The accuracy for the Decision Tree  is -> 78.00%


F1-Score

In [55]:
print('The result for the F1-score in this model is-> %.2f%%' % (f1_score(y_test,p_tree ) * 100))

The result for the F1-score in this model is-> 46.08%


**O modelo Árvore de Decisão, embora tenha apresentado um aumento no F1-Score em relação ao LinearSVC, foi menos assertivo que o Random Forest em ambas as métricas.**
***
***

The Decision Tree model, despite showing an improvement in F1-Score compared to LinearSVC, was less assertive than the Random Forest in both metrics.

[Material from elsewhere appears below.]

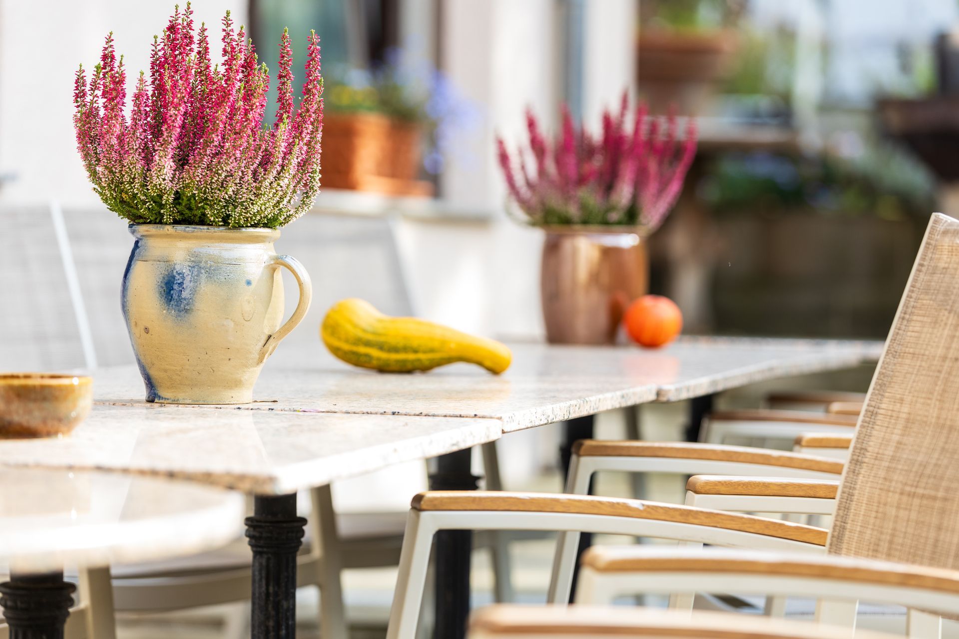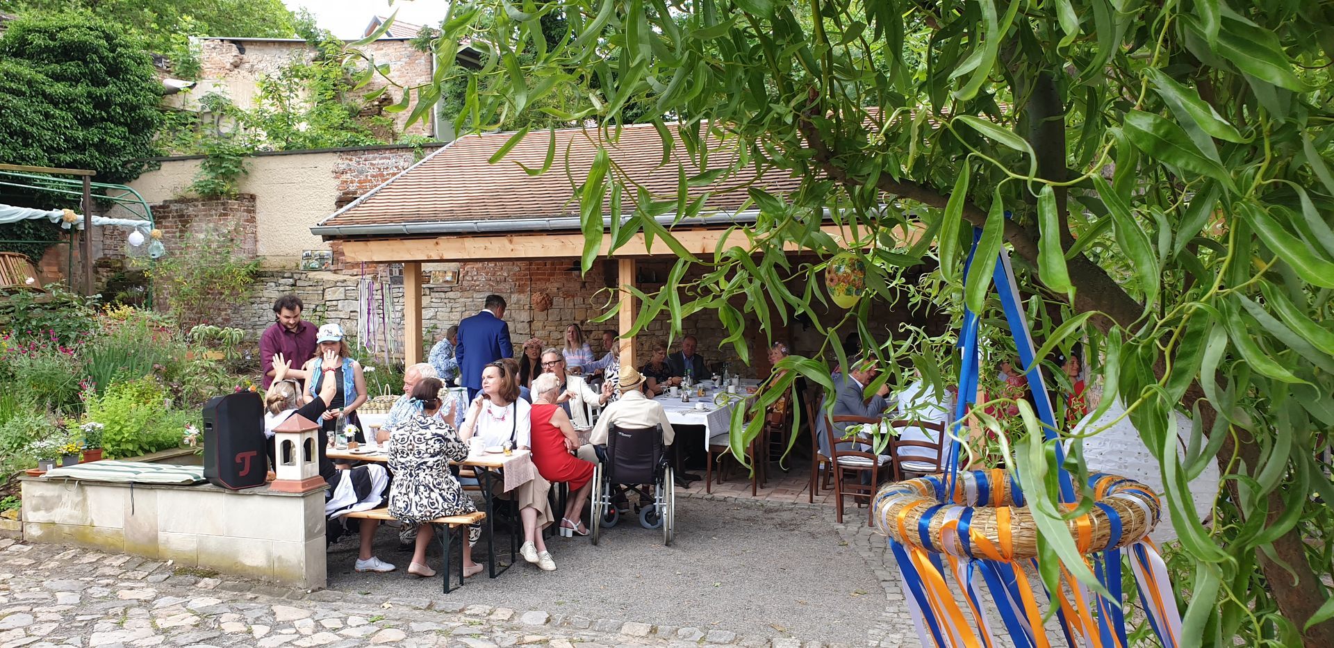 Wirtschaftsminister Sven Schulze hat auf seiner Fahrrad/ÖPNV-Sommertour 2021 und 2023 bei uns Station gemacht. Auf der Terrasse haben wir unsere Tafel gestellt und mit den Schirmen werden Sie vor Sonne und kurzen Regenschauern geschützt.
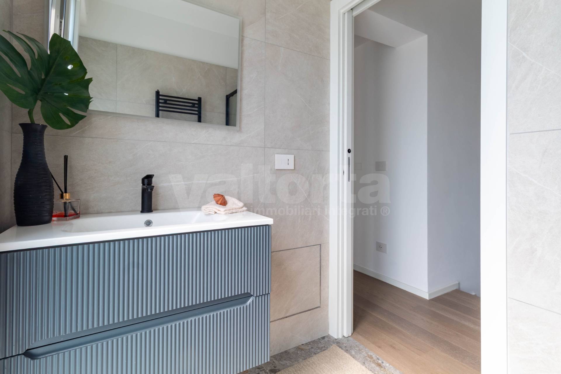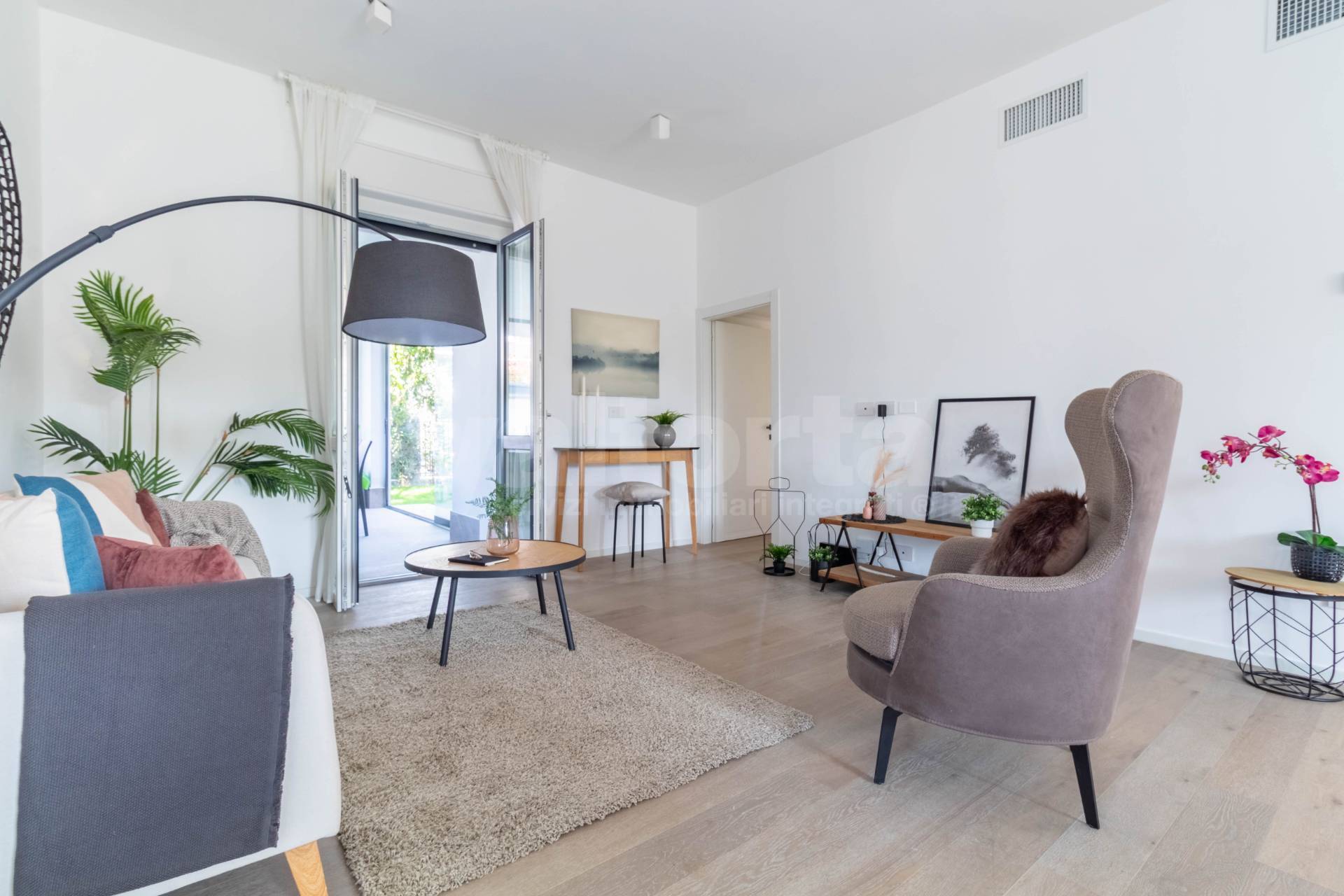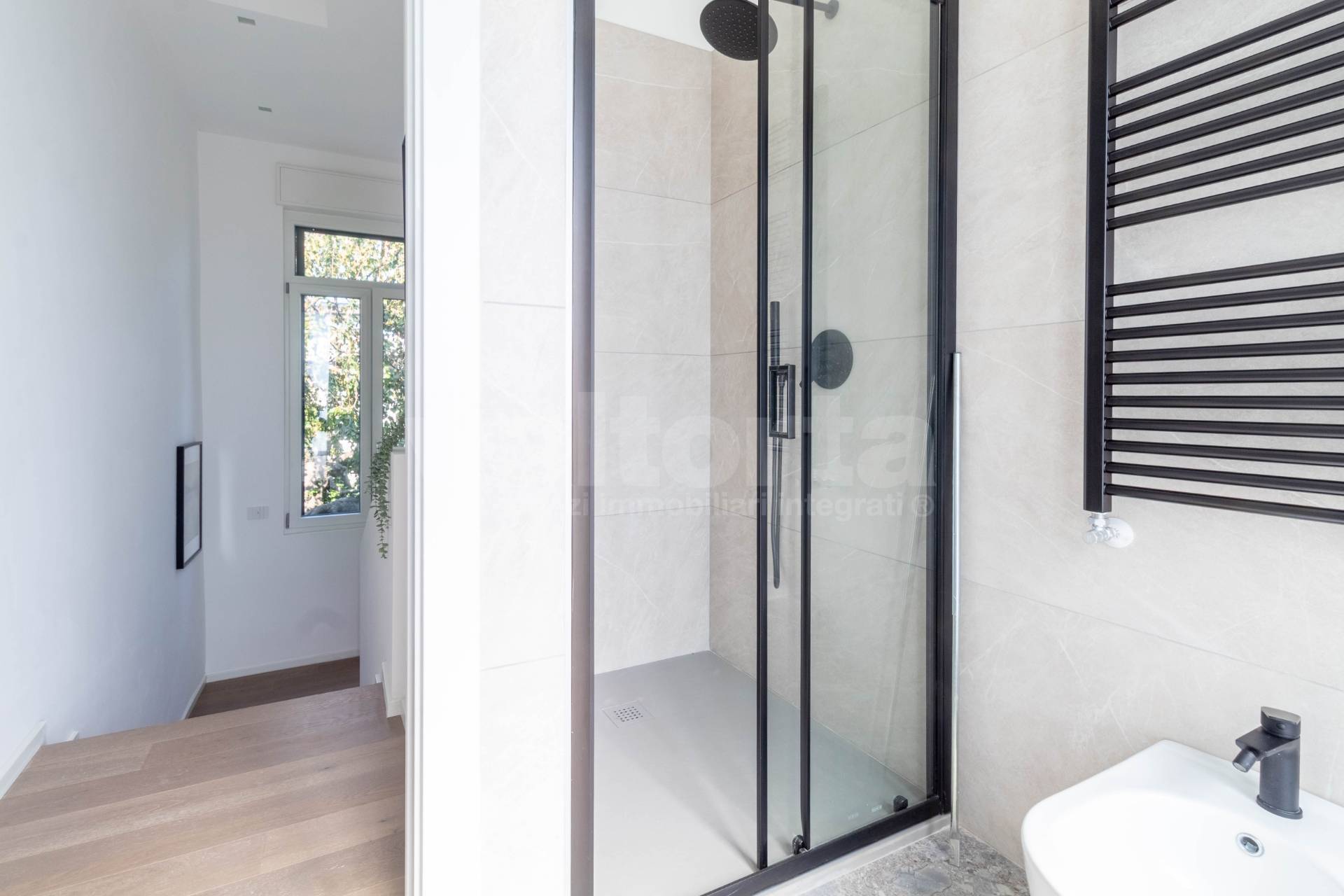 Al piano d’ingresso, l’immobile presenta un’ampia zona living con cucina a vista, che si affaccia direttamente su un ampio dehor e sul giardino privato, oltre al bagno di servizio al piano.

## Cálculo das métricas por modelos
***
**LinearSVC:**
*   Acurácia -> 81.00%
*   F1-Score -> 28.14%
***
**Random Forest:**
*   Acurácia -> 86.32%
*   F1-Score -> 58.80%
***
**Árvore de Decisão:**
*   Acurácia -> 78.00%
*   F1-Score -> 46.08%
***
***

## Calculation of metrics by models
***
**LinearSVC:**
*   Accuracy -> 81.00%
*   F1-Score -> 28.14%
***
**Random Forest:**
*   Accuracy -> 86.32%
*   F1-Score -> 58.80%
***
**Árvore de Decisão:**
*   Accuracy -> 78.00%
*   F1-Score -> 46.08%
***

# Agora conseguimos chegar à conclusão de que o melhor modelo para este caso é o Random Forest, pois nos proporciona um acerto, ou seja, uma acurácia em 86,32% dos casos. Sabendo que seu equilíbrio em acertos tem uma larga vantagem em relação aos outros, com um F1-Score de 58,80%.

***
***


#Now we have come to the conclusion that the best model for this case is the Random Forest, as it provides us with accuracy, meaning 86.32% accuracy in cases. Knowing that its balance in accuracy has a significant advantage over others, with an F1-Score of 58.80%.